Health & Medical Food & Drink

Coffee Bean Processing and Roasting 101

The coffee plant produces a red or purple fruit, but people are less interested in that than they are in the actual coffee bean.
Technically speaking the bean is the pit, similar to the pit found in a cherry or apricot, but with two half oval shapes facing each other.
This pit, containing up to 2.
5 percent caffeine, is a major export for several countries.
The coffee bean is cultivated and is green.
The green bean is then put through a process of sorting, done by immersing the bean in water.
Unripe and bad beans will float to the top, while the good beans will sink to he bottom.
Once the sorting has been done, the beans are washed and fermented.
Pulp that is left on the beans is removed by letting them sit in a pool full of microbes for several days.

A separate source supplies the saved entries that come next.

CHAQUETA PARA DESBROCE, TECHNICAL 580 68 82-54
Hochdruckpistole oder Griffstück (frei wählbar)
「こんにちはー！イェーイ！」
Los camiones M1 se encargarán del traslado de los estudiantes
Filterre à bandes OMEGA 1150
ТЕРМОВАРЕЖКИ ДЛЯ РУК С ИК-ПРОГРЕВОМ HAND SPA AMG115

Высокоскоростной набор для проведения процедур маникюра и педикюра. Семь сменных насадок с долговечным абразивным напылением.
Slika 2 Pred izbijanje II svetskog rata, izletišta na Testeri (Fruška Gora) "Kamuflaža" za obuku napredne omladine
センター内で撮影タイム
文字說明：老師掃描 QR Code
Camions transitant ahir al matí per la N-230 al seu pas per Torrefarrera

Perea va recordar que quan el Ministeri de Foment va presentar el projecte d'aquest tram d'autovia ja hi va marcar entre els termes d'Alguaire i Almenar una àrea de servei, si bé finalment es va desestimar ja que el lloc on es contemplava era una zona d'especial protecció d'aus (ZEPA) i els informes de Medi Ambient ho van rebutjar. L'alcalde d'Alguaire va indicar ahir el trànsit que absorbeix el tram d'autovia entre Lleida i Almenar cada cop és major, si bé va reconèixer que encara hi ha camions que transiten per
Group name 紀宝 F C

The beans are then thoroughly rinsed with water to get rid of the microbes.
This is how most coffee is processed.
The oldest and most traditional ways of processing coffee is the dry method.

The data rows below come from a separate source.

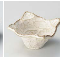
イ059-307 萩粉引波四角小鉢 小 11.5×11.5×6.8cm(100入・磁) 500円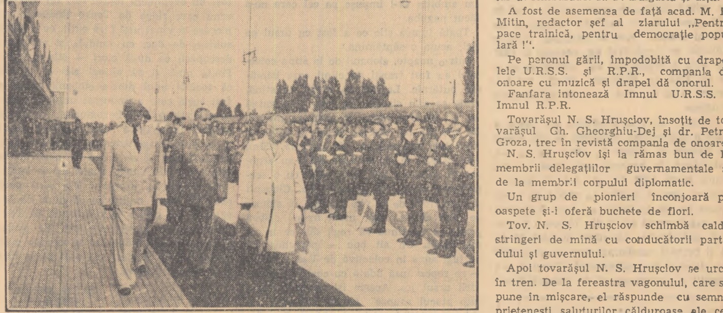
Tovarășul N. S. Hrușciov, însoțit de tovarășii Gh. Gheorghiu-Dej și dr. Petru Groza, trec în revistă compania de onoare.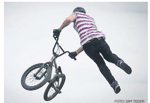
Eelmise aasta «Viljandi BASH»

Lisainfo tulevaste festivalide kohta asub koduleheküljel www.bash.ee.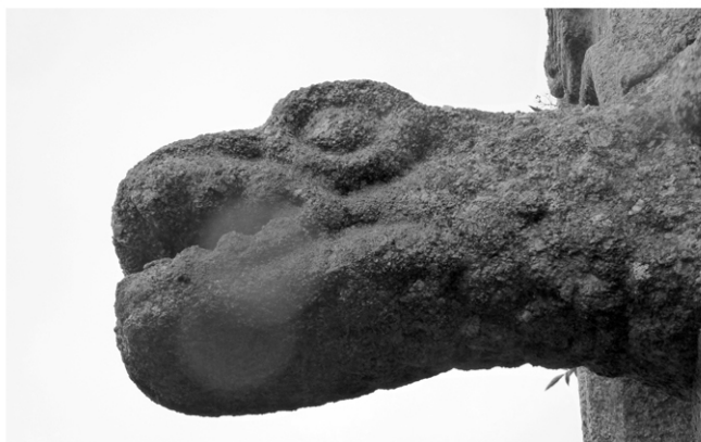
Fig. 1 : Tête d'animal monstrueux à la base de la flèche

Flanquée de huit contreforts et décorée de pilastres et de niches couvertes de délicieuses sculptures, elle est distribuée en trois étages par des entablements, des frises, des corniches et des galeries. Les deux étages supérieurs sont percés de quinze fenêtres, de cinq mètres de hauteur, sur soixante-six centimètres de largeur. Leurs parois extérieures sont couvertes d'élégantes moulures, et leur clef de voûte simule des consoles chargées de sculpture. Ces fenêtres sont flanquées de chambranles élancées et couvertes de losanges, de macles et de toutes sortes d'ornements de la Renaissance, et se termine par un coquillage, en guise de fleurons. Une galerie, composée tour à tour d'arcades cintrées et de balustres couronnés de chapiteaux couverts de feuillages, règne au pourtour de la première plate-forme. Rien donc de plus simple que de mettre la seconde en conformité de style avec la première.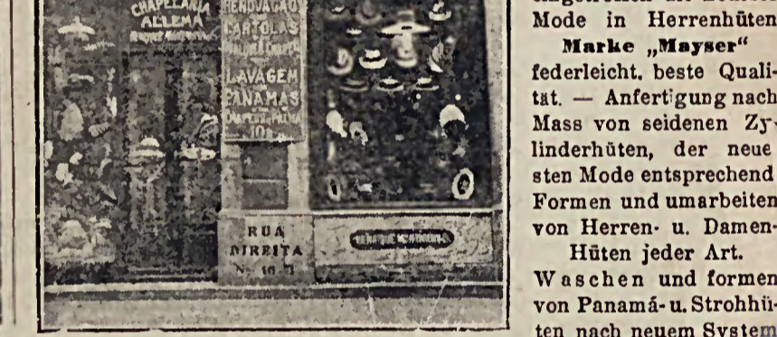
Erstklassiges Herren- und Damen-Hutgeschäft empfehlen alle in- und ausländischen Waren. Herren- Damen- und Kinderhüte zu mässigsten Preisen - Soben eingetroffen die neueste Mode in Herrenhüten - „Mäster“, „Mäster“ federleicht, beste Qualität - Anfertigung nach Mass von seidenden Zylinderhüten, der neuesten Mode entsprechend Formen und unmarbenten von Herren- u. Damen-Hüten jeder Art. Waschen und formen von Panamá-u. Strohhüten nach neuem System

von Henrique Möntmann & Co. S. PAUL Rua Direita No. 10-B S. PAULO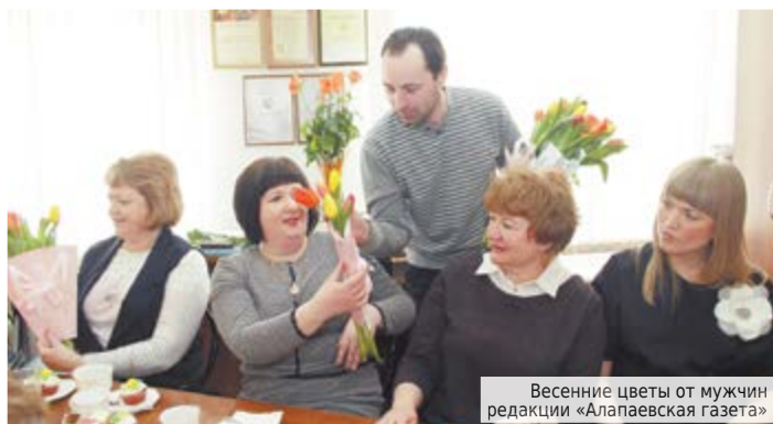
Весенние цветы от мужчин редакции «Алапаевская газета»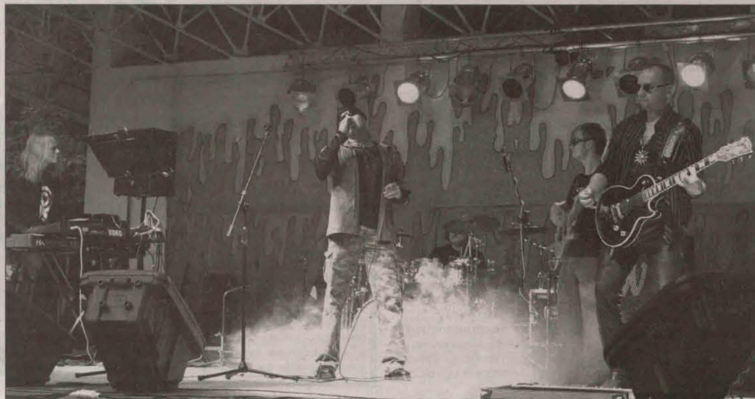
Grupa Badoo dała w Polkowicach bardzo dobry koncert

Tym razem jednak może być inaczej. Koncert Badoo w Polkowicach potwierdził potencjał Gasza. Rozpoczął się co prawda dość niemrawo - od kilku ciekawych popowych kawałków, ale w miarę upływu czasu było coraz lepiej. Publiczność bawiła się razem z wokalistą, choć uczciwie należy przyznać, że jej reakcje były dość powściągliwe. Być może wynikało to po części z tego, że koncert rozpoczął się o godzinie 20, kiedy słońce ledwie chyliło się ku zachodowi.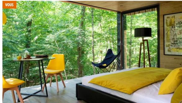
Loire Valley Lodges, à Esvres-sur-Indre : 18 cocons perchés en pleine forêt.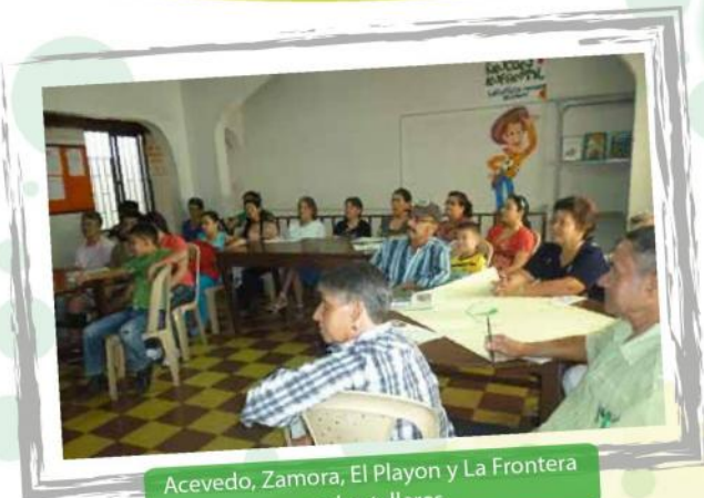
Acevedo, Zamora, El Playon y La Frontera en los talleres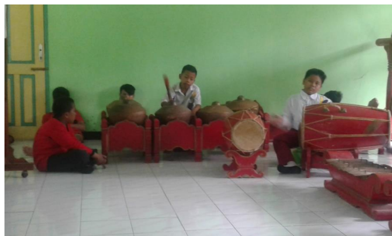
Gambar 17. Kegiatan pendampingan peserta didik berkebutuhan khusus saat pelajaran karawitan.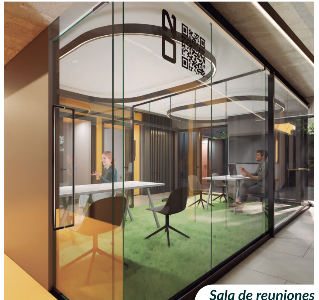
Sala de reuniones

The beans, once harvested, are laid out in thin layers on tables to dry out in the sun.
This takes significantly longer to do, up to two weeks.
To prevent mildew, the beans need to be moved around a lot.
This dry processed coffee is in high demand, but because it is so much more labor intensive, only a few regions do it.
Ethiopia produces the most, followed by Brazil and Yemen.
Once processed, green coffee beans can be stored for up to a year.
If kept in a cool, clean and dry place, there is no reason for it to go bad before the year is up.
The coffee bean is then roasted.
Almost all of the coffee that consumers across the world buy has already been roasted, though it is possible to buy green coffee and roast it themselves at home.